While there’s no question the Virginia offense squandered several scoring opportunities Saturday at North Carolina, the Cavaliers ultimately were done in by a defense that continues to be inept at stopping the run against opposing ACC offenses.

By churning out 222 rushing yards Saturday, the Tar Heels became the seventh team to tally more than 200 rushing yards against Virginia in the 15 games since Mike London became the head coach. Six of those seven teams were conference foes.

When asked about his team’s porous run defense Sunday night, London pointed to several statistics that would seem to indicate the Cavaliers have improved on the defensive side of the ball from last season.

“We’re 27th in the country right now in total defense, and that’s a vast improvement over where we were before,” London said. “I think one of the biggest things is stopping teams from scoring. I think we’re 45th right now. If you keep the points down, then whether they’re (running) the ball for success or passing the ball for success, if you keep the points down then there’s something that you’re doing right.”

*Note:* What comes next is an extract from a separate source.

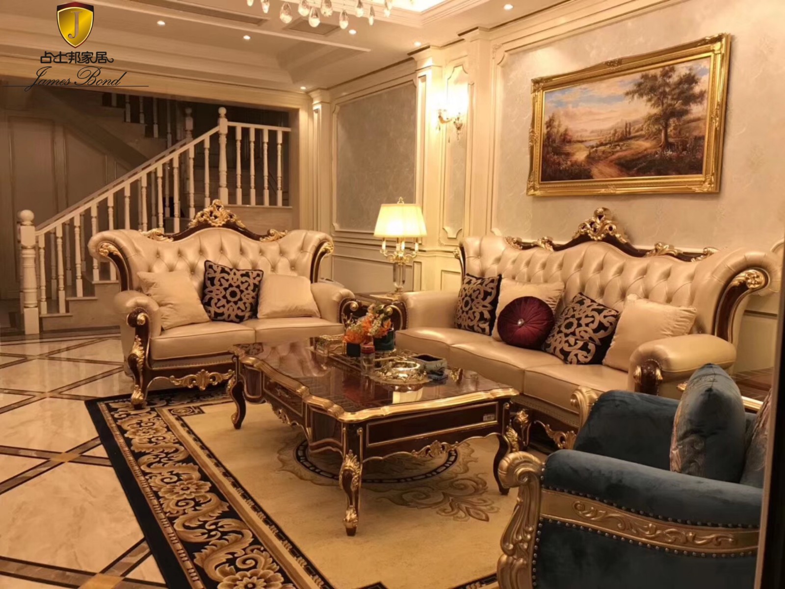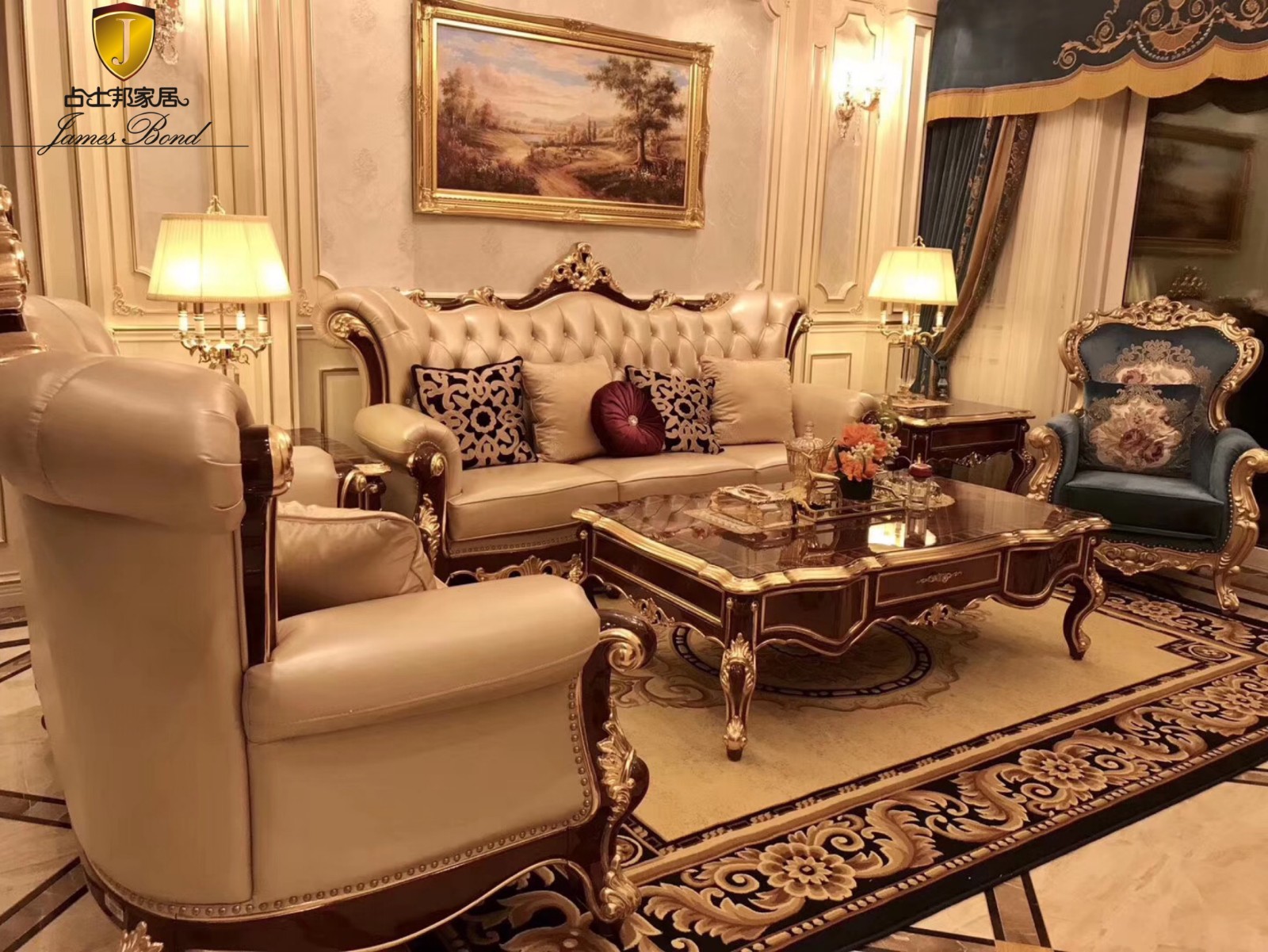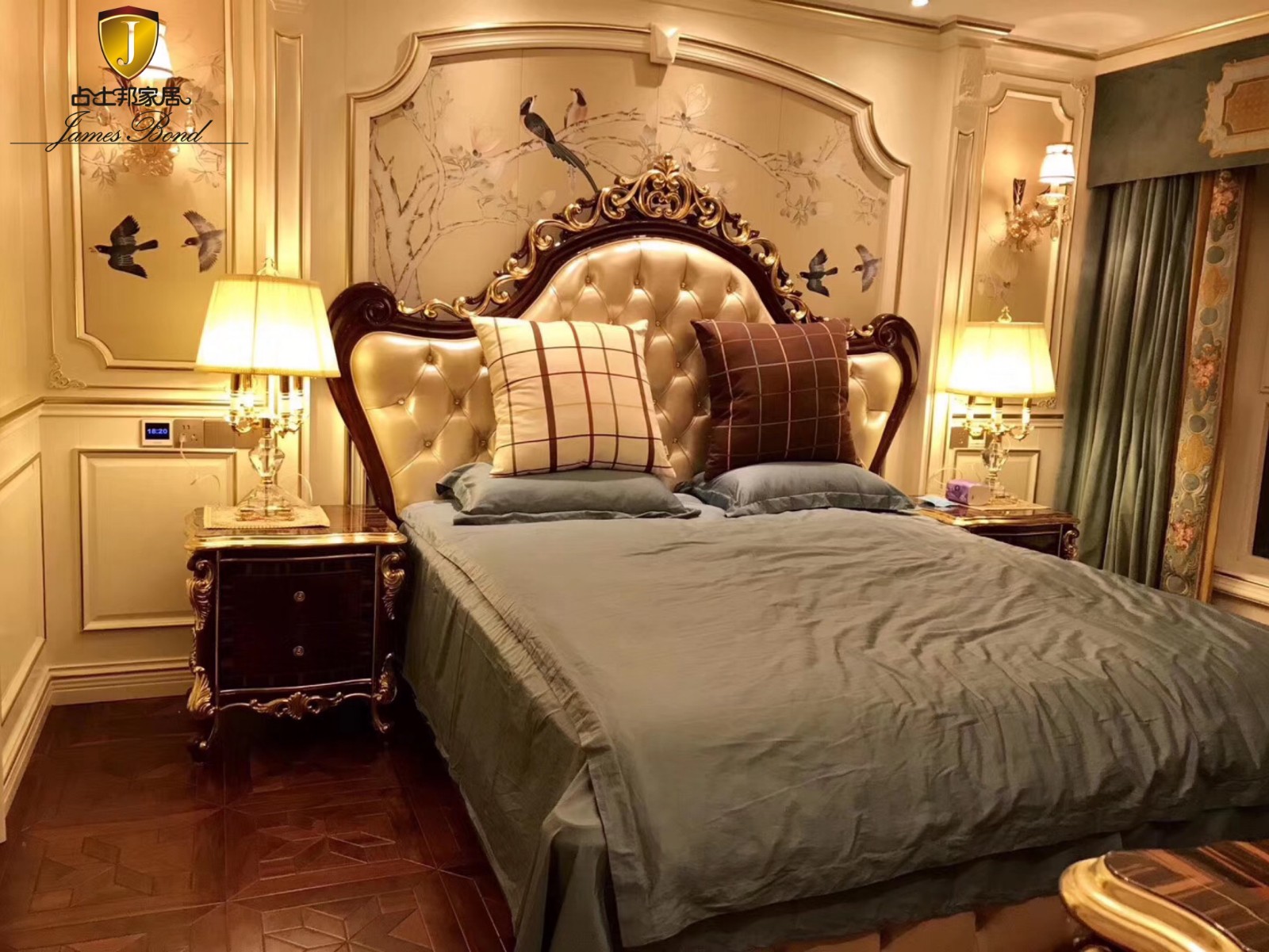 Finally, let's take a look at Mr. Chen's bedroom. It's the same leather color. Mr. Chen's favorite beige and James Bond classic bed. Many customers responded that they were very comfortable and beautiful. According to the research, one third of the time in one's life is spent sleeping, that is to say, the bed also accompanies us for such a long time, so a good classic bed is very important. If you want to buy a classic bed, look for the classic furniture of James Bond!

In terms of Virginia’s current national rankings, what London said is true. But in terms of the frequency with which the Cavaliers are giving up points, the national rankings don’t tell the full story.

In the first three games of the 2010 season, Virginia gave up 37 points. Through the first three games of this season, Virginia has given up 62 points. Granted, two of the Cavaliers’ first three opponents last season were FCS teams, so let’s take non-conference games out of the equation. Last season, opposing ACC offenses needed an average of 15.57 snaps to score a touchdown against Virginia.

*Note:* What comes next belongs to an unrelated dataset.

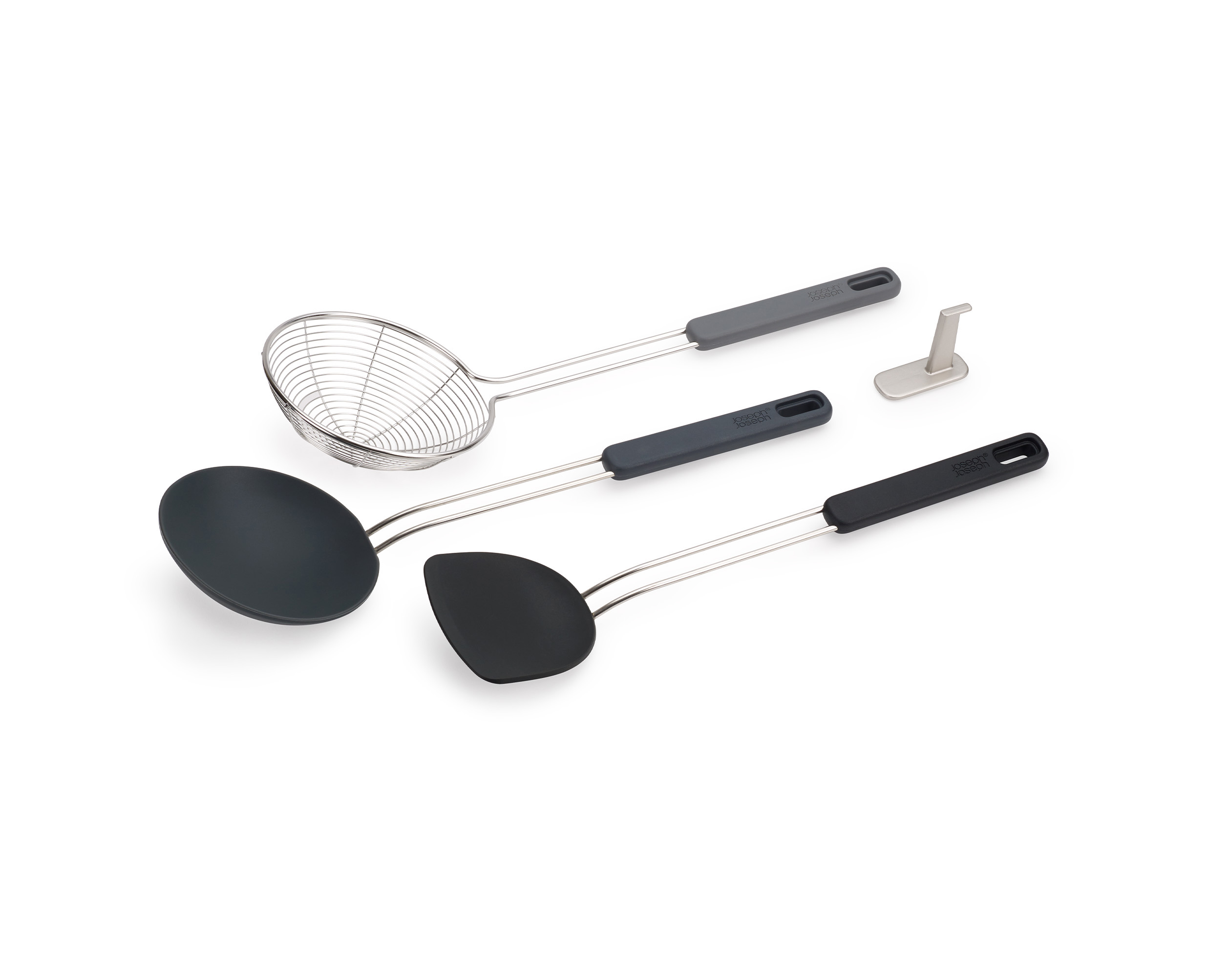 Acest set util de ustensile pentru wok include o spatulă din silicon, o lingură din silicon și un filtru din sârmă din oțel inoxidabil, toate cu mânere care se potrivesc împreună pentru depozitare eficientă a spațiului. De asemenea, este inclus un cârlig de agățat montat pe perete pentru acces convenabil.

On Saturday, North Carolina needed an average of 16 snaps to score a touchdown against Virginia.

Technically, that’s improvement. But I’m guessing London and Defensive Coordinator Jim Reid were hoping the defense would take a longer stride forward than that.

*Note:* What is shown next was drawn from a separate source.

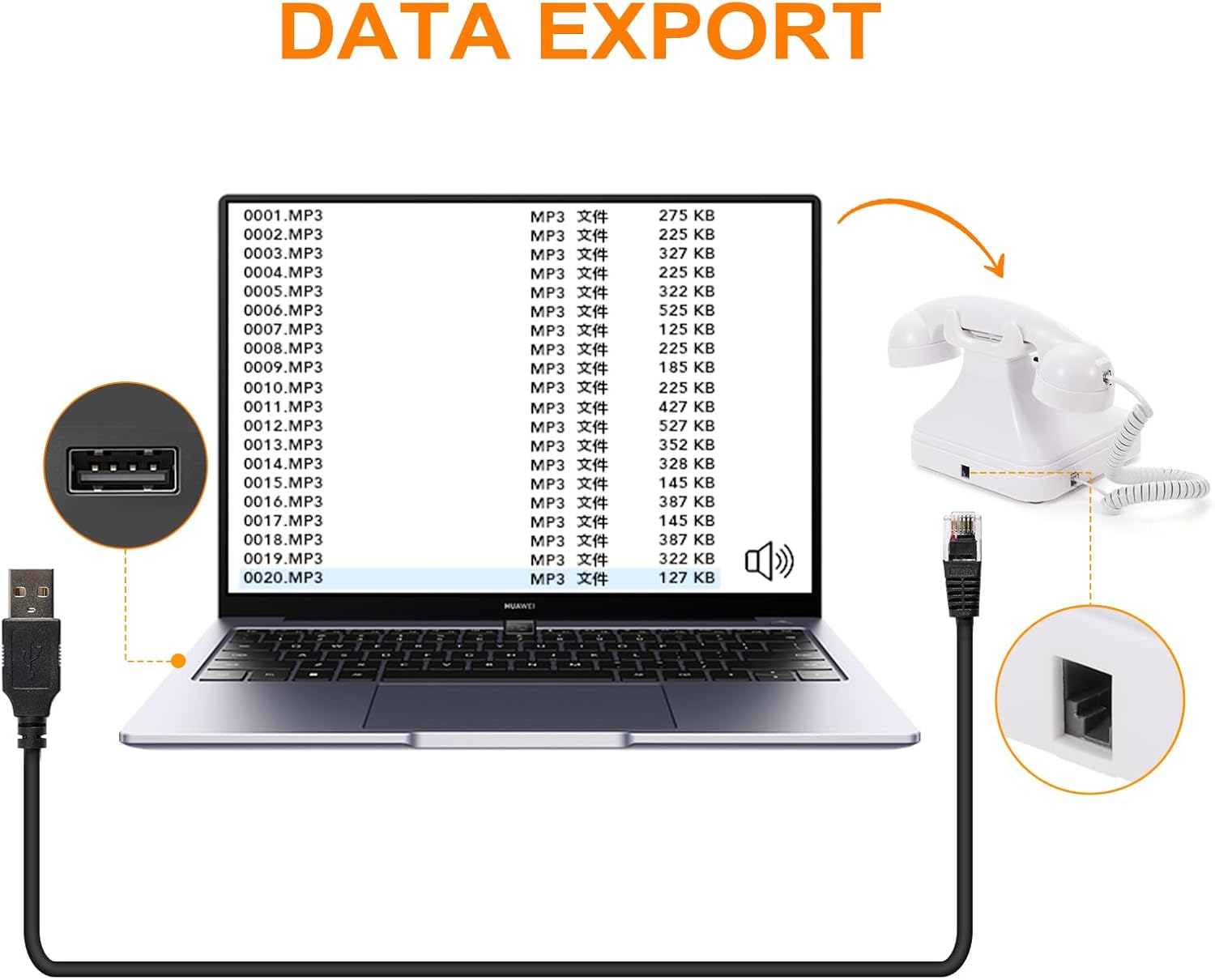 • 【Easy to Use】 Pick up the handset, according to the built-in voice prompt button can save or play back the recording, easy to operate, after recording, connect the data cable to the guest book phone and the computer can export all message data storage.

“There was about four or five plays (Saturday), two that broke up the middle, that was just a guy falls down, the linebacker doesn’t get him, and they break a long run,” London said. “Those are the type of things that really get you. … So four or five plays, those long runs, if we’re in the right position, then we do a pretty good job.”

One of Reid’s points of emphasis entering the season was limiting the number of plays in which a Cavaliers’ opponent gained 10 or more rushing yards. That happened on 67 plays last season. Through three games this fall, Virginia has allowed 16 such rushing gains, which puts the Cavaliers on pace to allow 64 on the season. Again, that would be improvement. But only of the marginal variety.

North Carolina rushed for 10 or more yards in a single play nine times Saturday.

“It was just inconsistent,” Reid said after the game of the defense’s performance. “One series went really, really well, and the other series we struggled.”

Here’s a rundown of how the Cavaliers fared against North Carolina, based on some of the goals Reid has said they try to meet each game:

Rushing yards allowed

Goal – 105 or less

North Carolina – 222

Passing yards allowed

Goal – 225 or less

North Carolina – 179

To tal yards allowed

Goal – 330 or less

North Carolina – 401

Three-and-outs for ced

Goal – at least 3

North Carolina – 3

Virginia played Saturday without fifth-year senior free safety Corey Mosley, who was out due to what London described as a “lower leg injury.” Sophomore Rijo Walker started in Mosley’s place and played, according to London, about 45 snaps. He finished with six tackles. True freshman Anthony Harris also got extended playing time in Mosley’s absence. Harris recorded three tackles.

While the Cavaliers’ secondary held up fairly decently against the pass against the Tar Heels, it did prove susceptible to being beat on play-actions. Part of that can be attributed to the youth in the secondary (aside from Walker and Harris, true freshman Demetrious Nicholson starts at one cornerback spot).

Part of that can be attributed to a poor run defense that forced members of the secondary to pay more attention to the Tar Heels tailbacks scurrying out of the backfield than they otherwise might have.

And part of that can be attributed to a pass rush that has not developed as quickly as London and Reid would have preferred. Virginia tallied one sack Saturday, and it came late in the fourth quarter while trailing by 11.

The Cavaliers forced one turnover (when they forced North Carolina quarterback Bryn Renner to fumble), and it came early in the fourth quarter while trailing by 18.

Renner had tormented Virginia early on with his dashes out of the pocket. In fact, he led the Tar Heels at halftime with 23 yards on three carries.

“We did make (Renner) step up in the pocket, and we’ve got to do a better job of having the inside guys make sure that there’s nobody stepping up and running,” London said Saturday after the game. “At halftime, (Renner) was their leading rusher and you can’t have that, particularly when it’s totally avoidable.”